(EXERCISE REQUIREMENTS) Exact repetition of a range: find the line containing "1girl,cat ears,anime style,white" and the line containing "ROYALE Satin Finished" in the material below, then repeat both and all lines between them, leaving pictures out.

(DATA SHOWN)
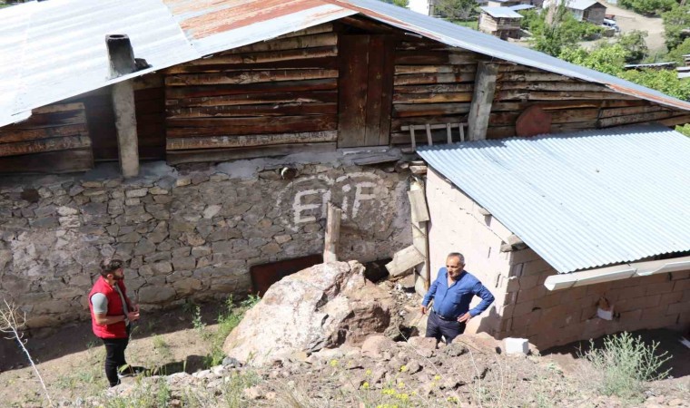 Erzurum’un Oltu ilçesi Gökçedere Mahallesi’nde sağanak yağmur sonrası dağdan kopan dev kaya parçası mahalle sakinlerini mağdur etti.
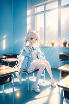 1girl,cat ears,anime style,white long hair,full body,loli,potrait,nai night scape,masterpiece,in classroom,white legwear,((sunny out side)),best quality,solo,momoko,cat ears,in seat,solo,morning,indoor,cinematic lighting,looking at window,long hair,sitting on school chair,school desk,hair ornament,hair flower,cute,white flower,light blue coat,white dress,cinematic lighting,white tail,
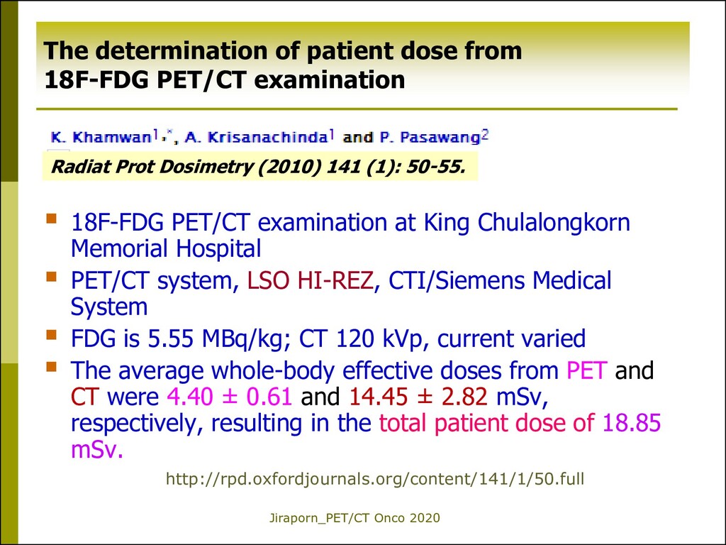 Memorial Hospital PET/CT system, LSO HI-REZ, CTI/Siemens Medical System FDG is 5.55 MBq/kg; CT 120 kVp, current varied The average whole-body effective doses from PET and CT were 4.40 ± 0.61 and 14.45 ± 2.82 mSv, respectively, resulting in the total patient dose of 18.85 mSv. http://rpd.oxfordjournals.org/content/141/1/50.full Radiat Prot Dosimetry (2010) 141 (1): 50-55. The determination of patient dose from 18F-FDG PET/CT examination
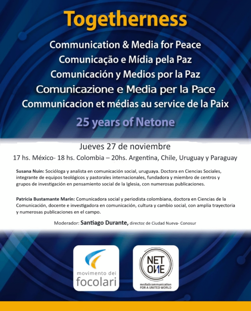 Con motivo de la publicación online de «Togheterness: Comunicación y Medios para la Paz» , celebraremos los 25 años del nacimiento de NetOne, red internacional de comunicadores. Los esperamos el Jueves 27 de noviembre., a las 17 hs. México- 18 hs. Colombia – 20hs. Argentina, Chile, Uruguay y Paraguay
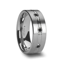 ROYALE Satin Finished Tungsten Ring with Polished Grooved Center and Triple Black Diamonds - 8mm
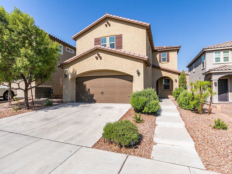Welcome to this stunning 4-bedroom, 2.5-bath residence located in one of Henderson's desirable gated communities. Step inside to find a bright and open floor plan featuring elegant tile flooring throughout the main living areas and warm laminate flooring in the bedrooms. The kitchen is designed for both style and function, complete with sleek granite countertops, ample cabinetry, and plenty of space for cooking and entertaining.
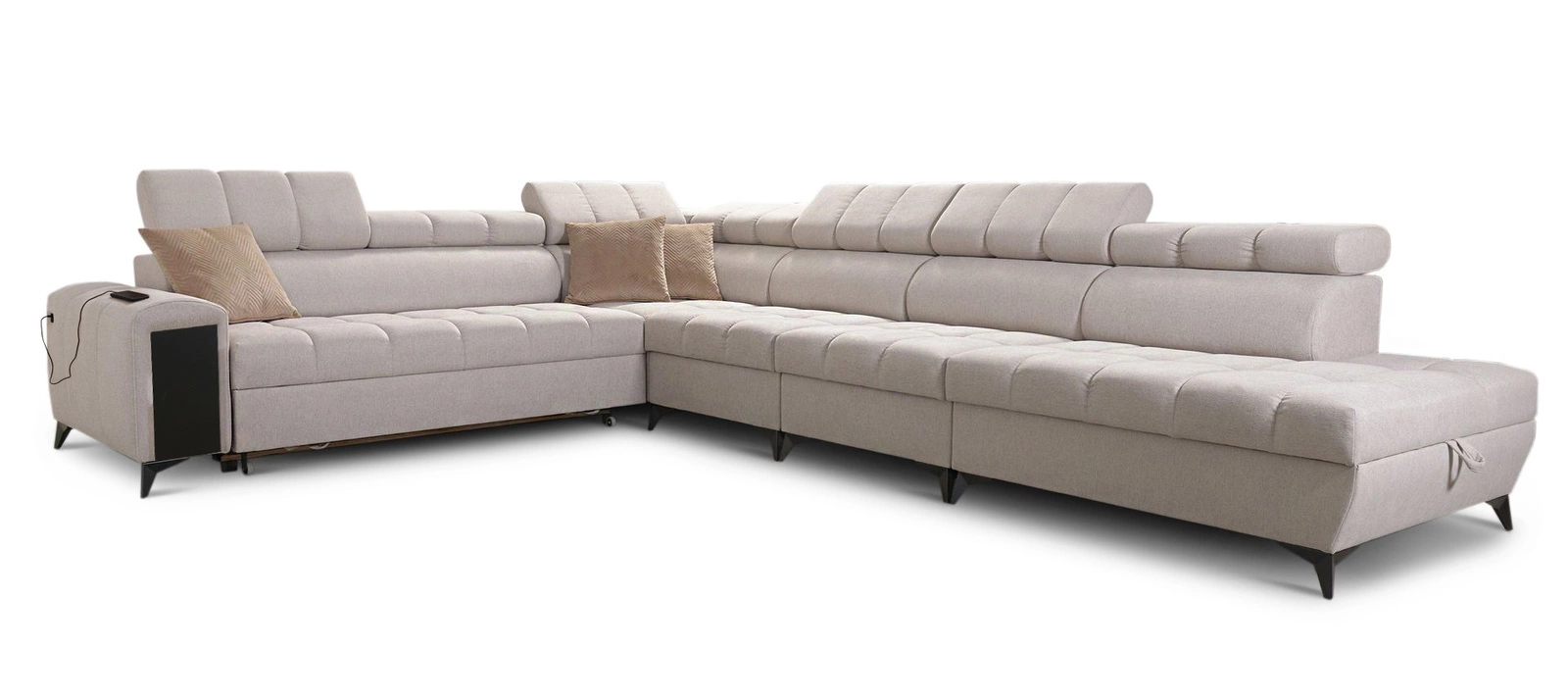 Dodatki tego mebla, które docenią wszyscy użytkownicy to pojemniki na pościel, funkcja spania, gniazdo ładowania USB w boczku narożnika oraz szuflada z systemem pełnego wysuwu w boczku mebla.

---

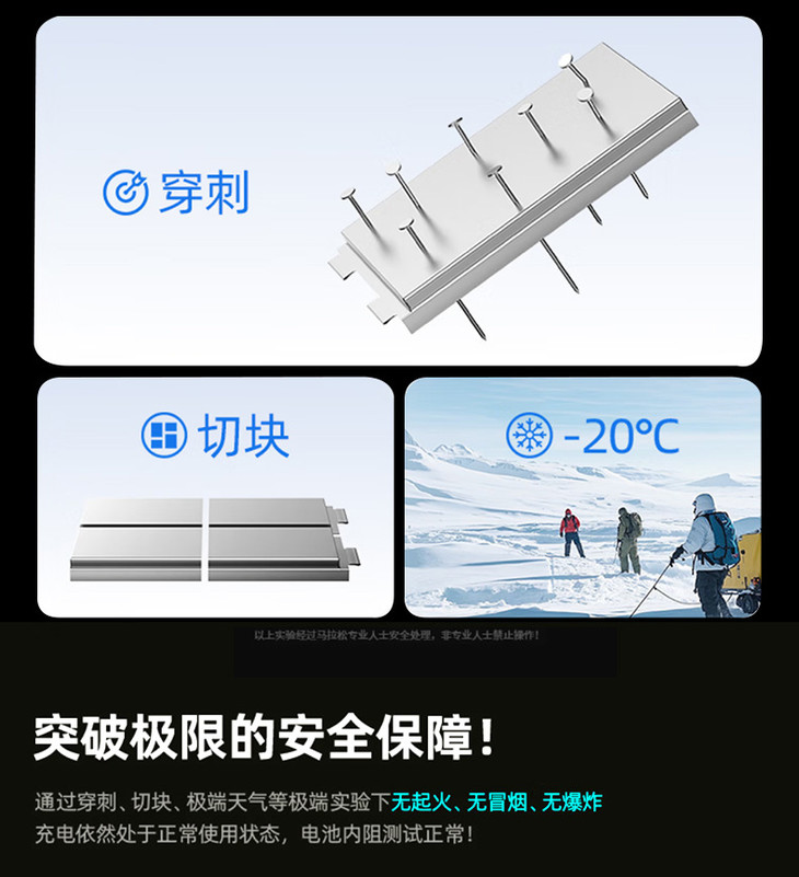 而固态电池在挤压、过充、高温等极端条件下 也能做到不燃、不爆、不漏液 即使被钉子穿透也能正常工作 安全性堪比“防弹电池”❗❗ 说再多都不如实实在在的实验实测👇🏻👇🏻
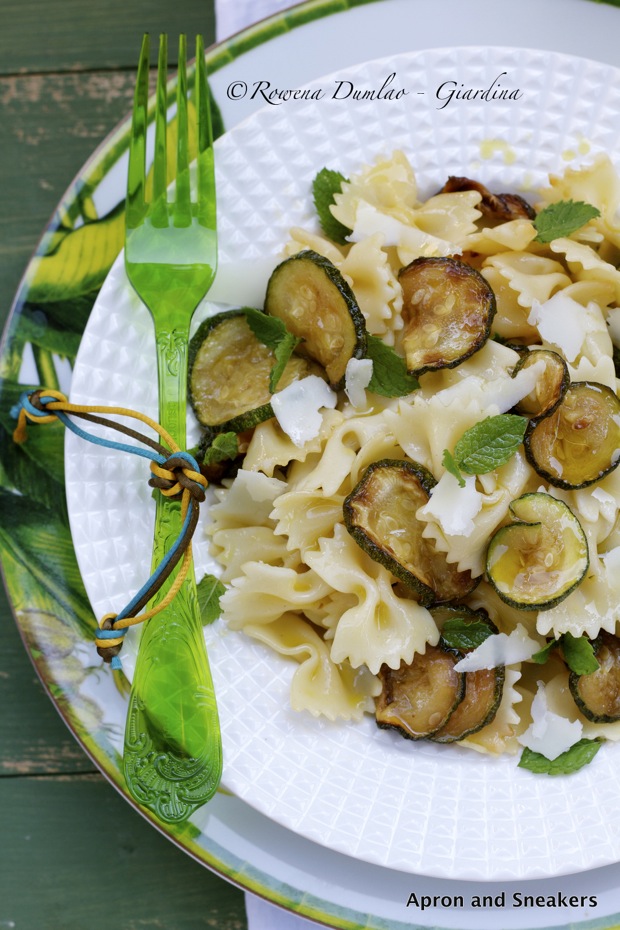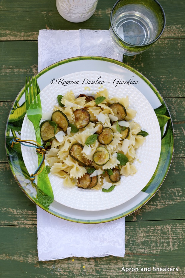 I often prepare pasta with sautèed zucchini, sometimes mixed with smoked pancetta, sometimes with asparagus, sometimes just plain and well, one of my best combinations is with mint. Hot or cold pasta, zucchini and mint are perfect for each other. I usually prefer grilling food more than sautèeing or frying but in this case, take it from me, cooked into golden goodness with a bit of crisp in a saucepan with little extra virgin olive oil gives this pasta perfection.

...

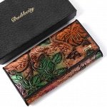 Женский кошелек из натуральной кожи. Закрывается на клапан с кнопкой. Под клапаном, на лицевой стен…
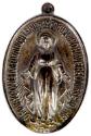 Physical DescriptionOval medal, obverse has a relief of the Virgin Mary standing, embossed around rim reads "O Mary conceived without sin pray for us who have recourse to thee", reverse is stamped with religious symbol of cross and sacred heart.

(FINISHED EXERCISE)
 1girl,cat ears,anime style,white long hair,full body,loli,potrait,nai night scape,masterpiece,in classroom,white legwear,((sunny out side)),best quality,solo,momoko,cat ears,in seat,solo,morning,indoor,cinematic lighting,looking at window,long hair,sitting on school chair,school desk,hair ornament,hair flower,cute,white flower,light blue coat,white dress,cinematic lighting,white tail,
 Memorial Hospital PET/CT system, LSO HI-REZ, CTI/Siemens Medical System FDG is 5.55 MBq/kg; CT 120 kVp, current varied The average whole-body effective doses from PET and CT were 4.40 ± 0.61 and 14.45 ± 2.82 mSv, respectively, resulting in the total patient dose of 18.85 mSv. http://rpd.oxfordjournals.org/content/141/1/50.full Radiat Prot Dosimetry (2010) 141 (1): 50-55. The determination of patient dose from 18F-FDG PET/CT examination
 Con motivo de la publicación online de «Togheterness: Comunicación y Medios para la Paz» , celebraremos los 25 años del nacimiento de NetOne, red internacional de comunicadores. Los esperamos el Jueves 27 de noviembre., a las 17 hs. México- 18 hs. Colombia – 20hs. Argentina, Chile, Uruguay y Paraguay
 ROYALE Satin Finished Tungsten Ring with Polished Grooved Center and Triple Black Diamonds - 8mm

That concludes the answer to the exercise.